Conference European Comparative Endocrinologists edition:24 location:Genua, Italy date:2-6 September 2008
The honeybee is one of the economically most important insects and a model for studying immunity, development and social behaviour. Hence, its genome was sequenced and annotated. An intensive interplay between bioinformatics and mass spectrometry (MS) resulted in the annotation of 36 neuropeptide genes (Hummon et al. 2006). Exactly 100 peptides, belonging to 18 genes, were demonstrated by MS. In a follow-up study we dissected and analysed separately all the ganglia of the CNS. The result is a mass spectrometric mapping of 20 neuropeptide precursors presented by not les than 66 peptides. We show the expression of one additional but already predicted neuropeptide. Besides putative bioactive peptides we detected truncated peptides and so called spacer peptides. Most of the latter had a more restricted distribution pattern.

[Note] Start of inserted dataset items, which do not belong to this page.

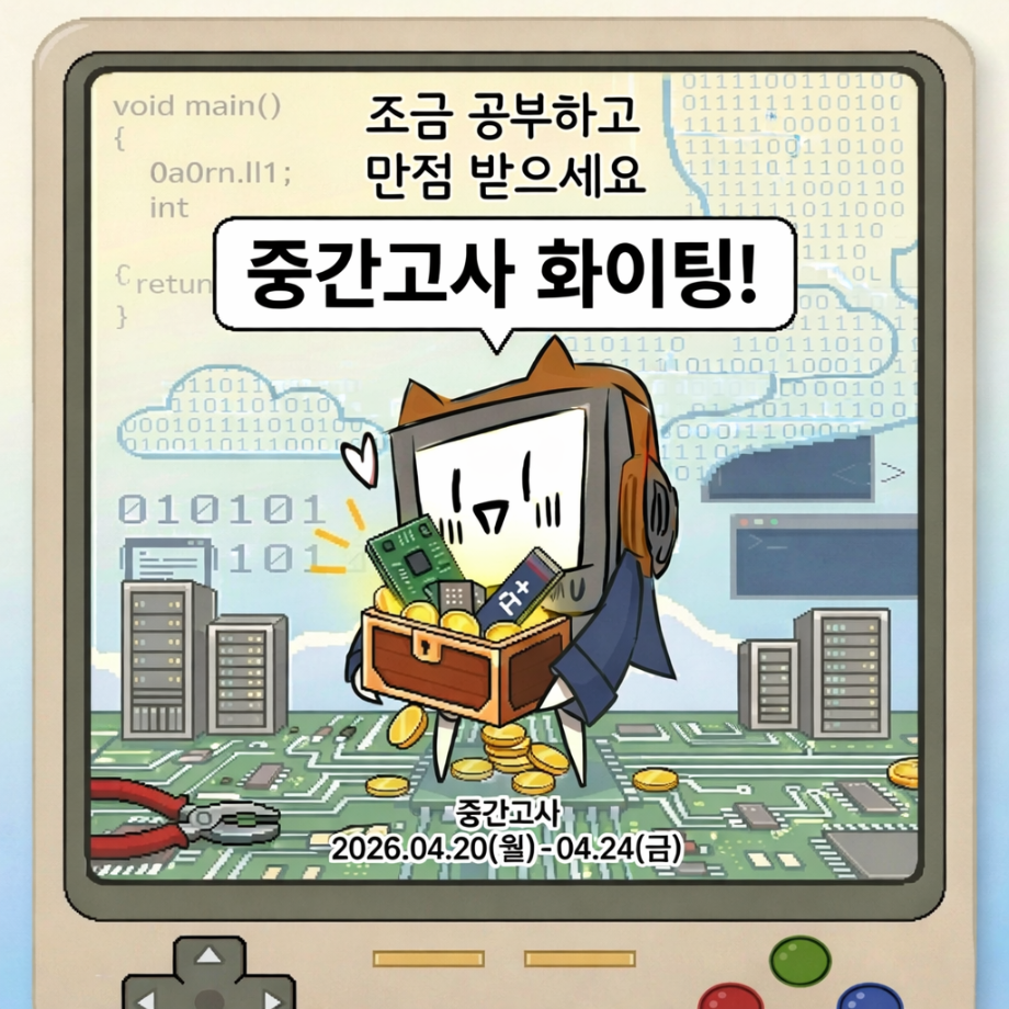 본문 시작 홈으로 학부활동 학부소개 학부활동 교육과정 커뮤니티 학부생활 입학안내 홈페이지가이드 학부갤러리 학부행사 학생회 활동 전공 동아리 학부갤러리 학부갤러리 페이스북 트위터 프린트 🔥🔥 중간고사 모드 ON 🔥🔥 컴퓨터학부 15 2026-04-20 중간고사 기간 : 4/20 ~ 4/24 지금까지 해온 것만으로도 충분합니다 조금만 더 힘내서, 끝까지 파이팅 💪 목록 이전IT 에서 AI로, "AI융합대학" 으로 바뀌었습니다. 다음 🌸 세명대에 봄이 로그인했습니다 🌸 담당부서 : 컴퓨터학부 담당자 : - 연락처 : 043-649-1272 최종수정일 : 2024-10-26 만족도조사 만족도 조사 이 페이지에서 제공하는 정보에 대하여 만족하시나요? 매우만족 만족 보통 불만족 매우불만족
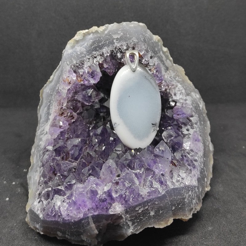 Pendentif en Cabochon d'Agate Dendritique de forme ovale et bélière en argent
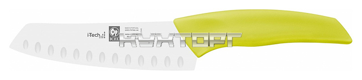 Японский нож для шефа ICEL I-Tech Santoku knife 24503.IT87000.140 оснащен эргономичной ручкой салатового цвета из полипропилена, устойчивого к высоким температурам и внешнему воздействию, и заточенным вручную лезвием, выполненным из высококачественной нержавеющей стали X50CrMoV15 с добавлением хрома, молибдена и ванадия. Твердость стали, закаленной по специальной технологии, составляет более 56 HRC.
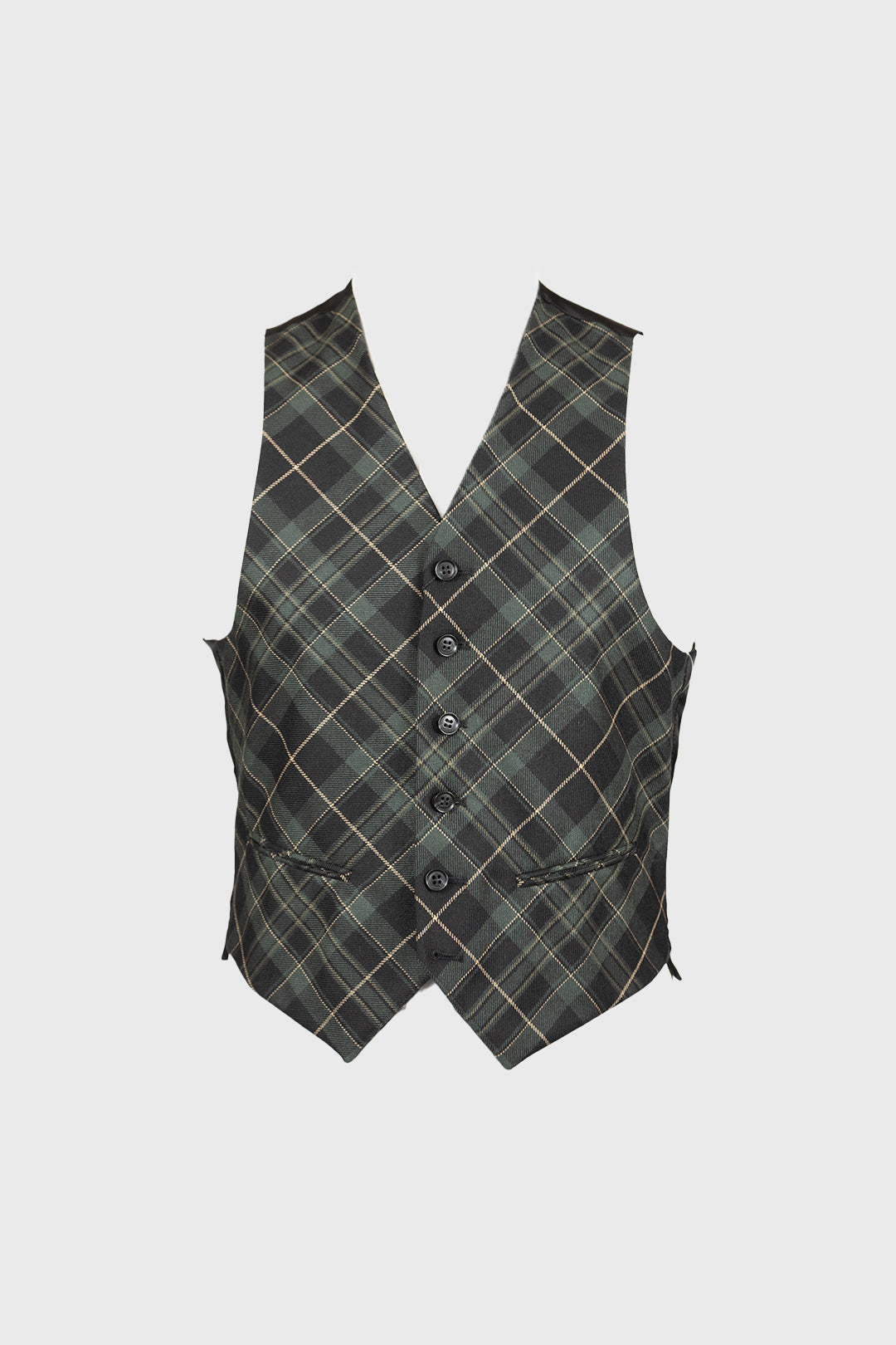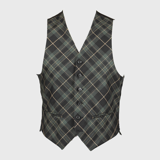 A cut on the cross Hunting Pride tartan waistcoat with 6 buttons and 2 low jetted pockets. To be worn with high-rise waisted trews or kilt.
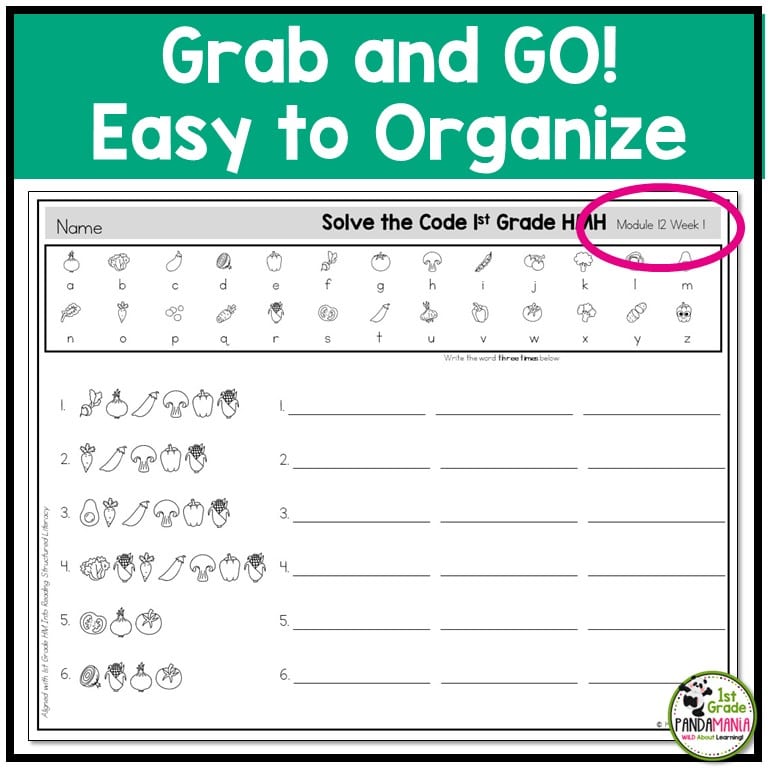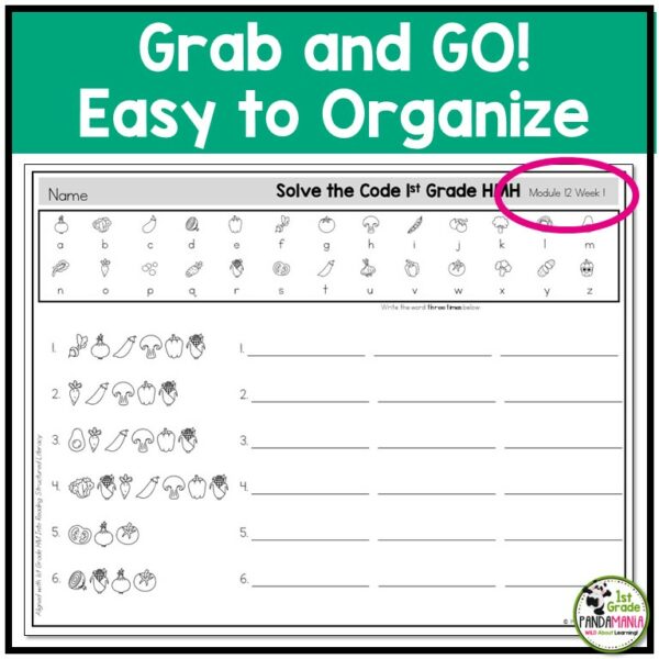 This Solve the Code center is a resource that your students will use all year long! Included are all HMH Into Reading Structured Literacy 1st grade irregular, decodable, and review words by module and week. These words are organized by modules 1-12. Print and organize by weekly lessons or modules. Just grab and GO! There is a different code for each of the 12 modules for students to solve.
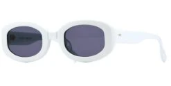 This cat eye Projekt Produkt sunglass comes in a shiny ivory frame with grey with light mirror lenses.

Their presence might yield information on the turnover of their precursors and/or the location of neural cell bodies in which they are produced. Neuropeptides with the widest distribution pattern are likely to be the best candidates to interact with receptors.
Our data compliment future or past immunohistochemical studies of neuropeptides in the honeybee. Furthermore they form a basis for comparative studies with better studied insects (Drosophila) or insects (Arthropods) with recent or upcoming genome projects. Finally, these data are a starting point for physiological, functional and/or differential peptidomics studies in the honey bee.